A whimpering and simpering Vidyut Jammwal is just no fun!
Just like an Emraan Hashmi film without a kiss or many, especially in the years immediately following him going Bheegey honth tere, was no fun, a Vidyut Jammwal outing without the man slicing and dicing his adversaries with one swift move or many, just doesn’t get the adrenaline pumping.
After all, Vidyut has earned his (acting) chops by chopping through everything and everyone that comes in his way on screen. That doesn’t happen in Khuda Haafiz well until the end, and the 100 minutes before that plod on so predictably that by the time it gets there, you can barely keep your eyes open. And that’s not because of the swirl of sand and fury that’s conjured up through a spectacularly staged Fury Road-styled chase through the desert. It’s just too little too late.

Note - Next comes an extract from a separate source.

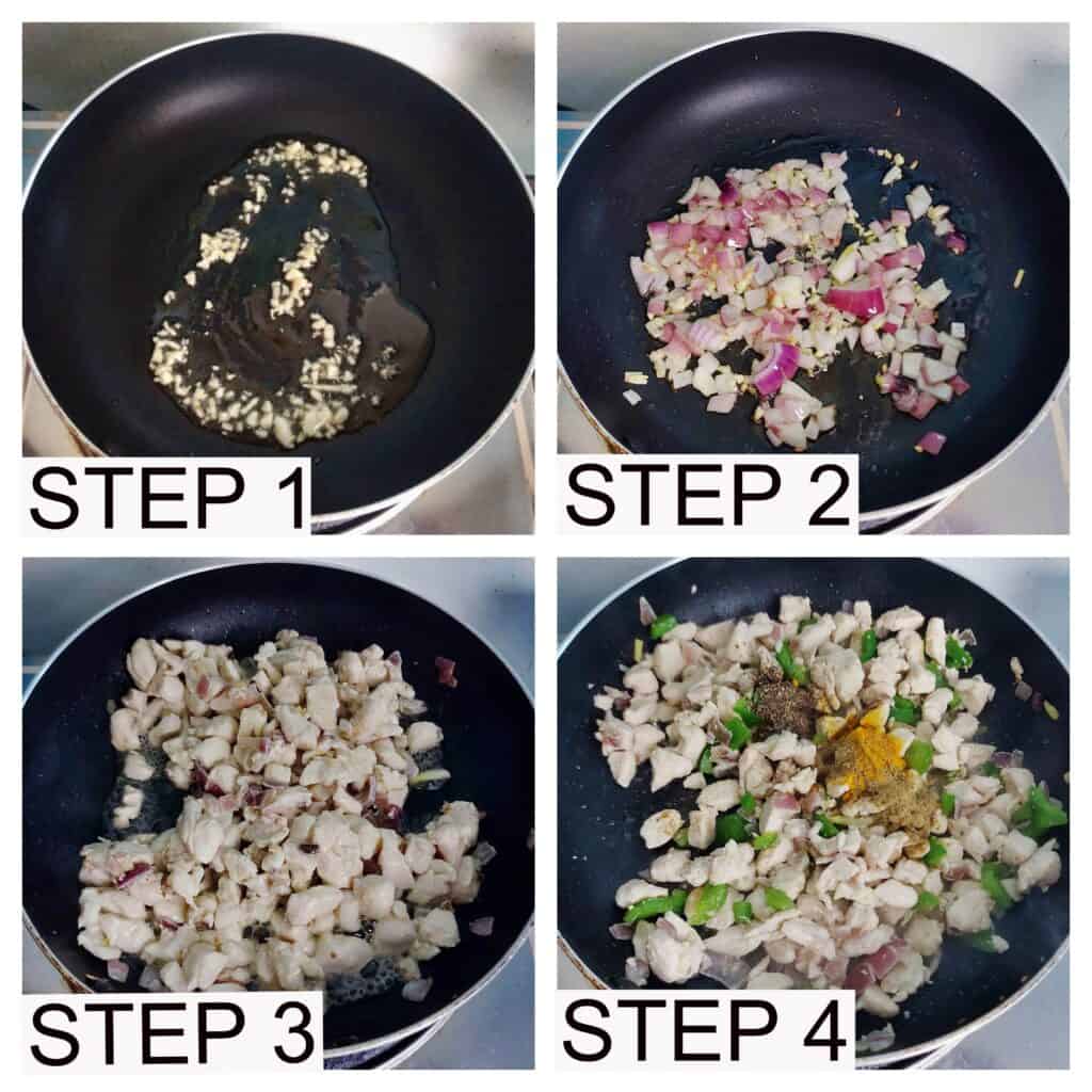 To make the chicken fatayer fillings, I add olive oil to the pan. Once hot, add the garlic and onion and stir till it turns translucent. After that, I add the chicken breasts and let them cook till there are fewer juices followed by adding the bell peppers.

Borrowing generously from the rescue-revenge cinema trope, almost a subgenre in itself, Khuda Haafiz requires Vidyut to momentarily forget his wham-bam skills and adopt a sedate, almost helpless, body language. When his newly-wed wife goes missing in a foreign country, you see the man constantly folding his hands for help instead of using them to land a Kalaripayattu move. It’s an all-new Vidyut and while the attempt at shifting gears is commendable, we prefer the one-man mission guy we are accustomed to seeing than this common man protagonist.
The year is 2008. Sameer (Vidyut) and Nargis (Shivaleeka Oberoi) get moony-eyed over a chai pe charcha family meeting and quickly get married. A song later, director Faruk Kabir cuts to the chase, with the couple, after losing their livelihood in the wake of global recession, landing jobs in the fictional Middle Eastern country of Noman, which has apparently been left untouched by the ups and downs of the world economy. Nargis leaves first, with Sameer slated to follow, but she can barely make it out of the airport before being kidnapped. A helpless Sameer, armed with a postcode and a phone number that don’t exist, lands up in Noman. The rest of Khuda Haafiz is par for the course.
For most of Khuda Haafiz, Vidyut covers his abs under baggy clothes and puts on a perpetually pained face as he keeps imploring, “Mujhe meri Nargis chahiye”. Along the way, he meets the usual stock characters, including a friendly Pathan cab driver (played by Annu Kapoor) and a few Hindi-speaking Arab secret agents (Shiv Panditt and Aahana Kumra), who travel the spectrum between overzealous and ambiguous, to track down the kidnappers, who operate a human trafficking racket that Nargis has been sucked into. A large part of the film involves Sameer running into dead ends or getting frustrated with the slow investigation into Nargis’s disappearance before taking matters into his own hands. Even then, his action moves are limited to some clumsy and awkward roll-in-the-dust brawls. At one point, Sameer tries to get a key member of the flesh trade racket to speak up after sticking a fork into him.